Perception of illusion

Pareidolia, put simply, is seeing credible, sensible images in random patterns. Examples are legion, from the Man in the Moon through images of Jesus Christ in tortillas, to the recent face in the cloud in the aftermath of the World Trade Center attack. Different cultures, of course, see different things. To the Japanese, the patterns on the moon show a rabbit making mochi, to the Elizabethans in England, it was a witch carrying an ash faggot.

The ability to perceive images and make sense of them is innate, although making the connections between things has to be learned as youngsters, as the developing mind makes sense of the jumble of information we receive. Many psychologists have studied the way the mind makes sense of images, and it has thrown light on our desire to make sense of the world.

It certainly goes some way to understanding our wanting to explain things: we may want to believe in the Loch Ness Monster or UFOs, and our unconscious mind attempts to interpret what we see in line with our desires. Wondering whether there is life on other worlds also explains the desire to see evidence of intelligent life there, the Face on Mars being one such example. The media frequently have stories on some devout or superstitious soul 'seeing' the face of the Christ or a 'saint' in everything from food articles to patterns of mould. Perception links with the mind to create an illusion of something desired or feared.

Other examples of 'seeing things' may be explained by randomness - given the nature of the billowing clouds after the impacts of September 11, 2001 it was almost inevitable that, of the many thousands of photographs taken, some would suggest faces. Some of these images are compelling, but almost certainly, down to chance.

Pareidolia is also involved in the famous Rorschach Ink Blot Test, used as a clinical tool to understand the motivations of a patient undergoing psychological or psychiatric evaluation. With a view to that, it's important not to confuse it with apophany, which is more to do with having false epiphanies. Finally, to prove that it's not just me, there is a Flickr group devoted to the phenomenon: http://www.flickr.com/groups/pareidolia/.

Just to prove that we are an erudite bunch, I was reminded (by Clockmaker) that pareidolia is a subtype of apophenia. Just goes to show.

http://en.wikipedia.org/wiki/Moon_rabbit
http://www.skepdic.com/pareidol.html
http://www.snopes2.com/rumors/wtcface.htm

Pareidolia

In the knot of a tree or the wisp of a cloud,
In the life of the morn, or the quiescent eve,
Is the face of a saint, or the Virgin in shroud,
Should the eye of the seer devise to believe;

But the skeptic is lost as the Prodigal Son
When by chance he perceives a façade in the sky
And is captive the bars of retaliation
Against scripture and chaos as truth, by-and-by!
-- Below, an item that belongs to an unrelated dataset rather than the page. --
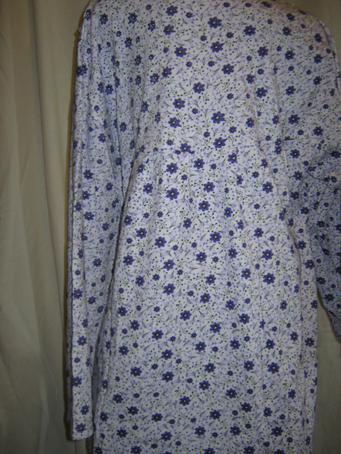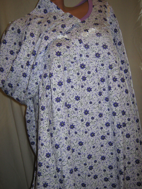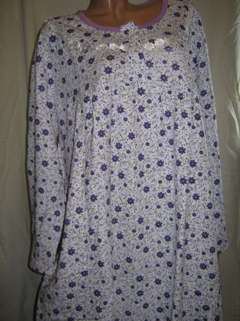 Жіноча супербатальна нічна сорочка Best, чиста 100% бавовна, виробництво Узбекистан, на білому тлі фіолетові квіти, рукав 3/4, утеплена, всередині з начосом, спереду півколом аплікація з білих квітів, застібається на 2 ґудзики, під грудьми і ззаду складки, вільний крій, зручна і практична як в носінні, так і в пранні. Дуже хороша повітропроникна тканина, м'яка і приємна до тіла. Підходить алергікам.

And in much the same way as our Luke had once told,
An agnostic returns to the host of his school,
And the skeptics forget that they knew the kobold
Who affiliates with such a fine band of fools.

And eventually all of the skeptics are gone
To agnosticism or the faith in a Lord,
And forget, they might quick, of the passionless throng
That they were in the sardonic times of before.

Not the tree nor the cloud is directly of God,
Nor His Son, nor His Cross, nor a prophet or priest,
But that nature is here might just be a faint nod
To the fact that the Love of this world is a feast.